De fato, ambos os pais eram instruídos, tinham muitos livros e conheciam idiomas estrangeiros. Wiktoria entendia alemão e, por isso, compreendia tudo o que os nazistas diziam uns aos outros antes da execução. O casal sabia que corria o risco de ser condenado à pena de morte por esconder judeus, mas não desistiu. Foi uma escolha inspirada pelo Evangelho, que eles colocaram em prática. Na Bíblia que foi encontrada em sua casa, seus parentes notaram que eles haviam sublinhado, com um lápis, a parábola do Bom Samaritano. Eles estavam vivendo sua fé de forma autêntica.

A reputação de santidade continuou a cercar essa família nos anos seguintes ao massacre?

Sim, havia uma forma de santidade popular em torno deles, mas a Igreja não teve tempo para realmente estudar o caso durante o período comunista, porque havia outros assuntos urgentes. Foi somente nos últimos vinte anos, aproximadamente, que a causa deles foi formalmente estudada. Mas, com a memória de seus entes queridos, a devoção popular manteve esse fio conectado até os dias atuais.

Uma das coisas que mais me comove, além desse massacre horrível, é a beleza dessa família que abriu a porta de sua casa. Você pode ver nas fotos que são pessoas muito simples, descalças, que demonstram a “santidade da porta ao lado” da qual o Papa Francisco fala com frequência. Eles deram suas vidas de forma heroica, mas em uma vida comum. O pai, Jozef Ulma, simplesmente queria ajudar alguns amigos; ele conhecia pessoalmente essa família judia.
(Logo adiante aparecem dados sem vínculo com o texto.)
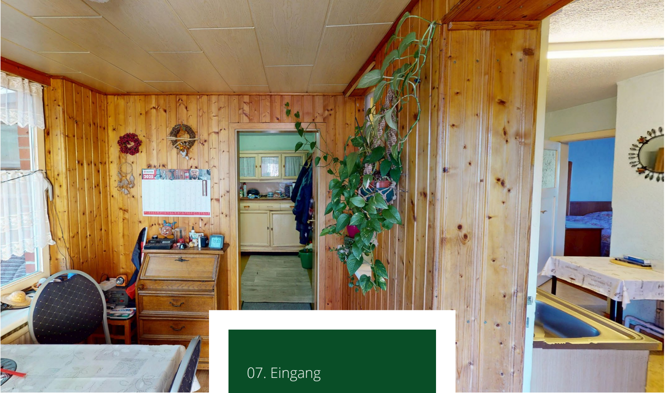
07. Eingang 08. Esszimmer

Então, eles se organizaram simplesmente para preparar as refeições, lavar a roupa juntos… Era uma família feliz.

O fato de que as sete crianças, incluindo um bebê natimorto, também foram beatificadas é também uma mensagem para as famílias de hoje, um lembrete do valor de toda a vida?

Essa é a primeira vez que uma família inteira é beatificada como uma só. O sétimo filho é um caso especial porque sua cabeça, que saiu do útero da mãe, foi identificada quando o corpo foi exumado. Ele não tem nome, mas também é considerado pela Igreja como um mártir, em virtude do “batismo de sangue”.
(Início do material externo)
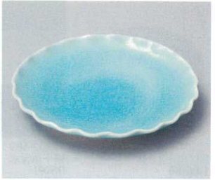
22404-579 トルコブルー輪花7.0皿 5,400円 40入 (20.8×3.2cm)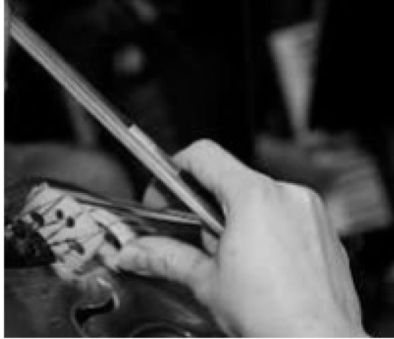
(شكل رقم ٤)

يوضح كيفية الإمساك بالقوس في حالة نبر الجمل الطويلة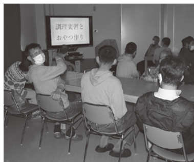
この後、わたし映ります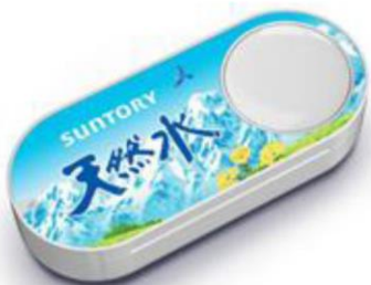
図1 アマジンダッシュボタン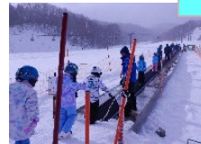
トレイン滑走もできるようになりました！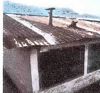
Modulo 2: Sustitución de lamina por lamina troquelada Cal. 26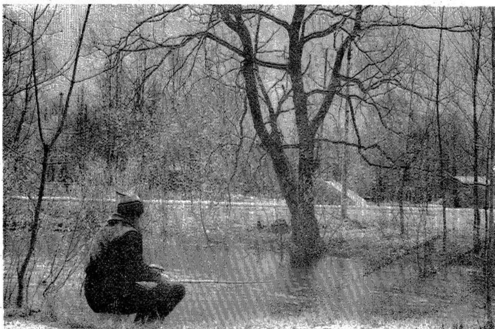
Рыбалка на реке Великой.

O fato de esse massacre ter ocorrido em 24 de março, na véspera da Festa da Anunciação, também é um sinal mantido pela Positio (o relatório do dicastério para as Causas dos Santos que estabeleceu o martírio da família Ulma, nota do editor). Hoje, o dia 25 de março é também o dia dedicado à “nova vida” na Polônia. Essa história da família Ulma também pode dar muita esperança às famílias que perderam um filho. Ela nos lembra do valor das vidas dos menores, das pessoas que tiveram as vidas mais curtas, cuja santidade a Igreja pode, portanto, reconhecer.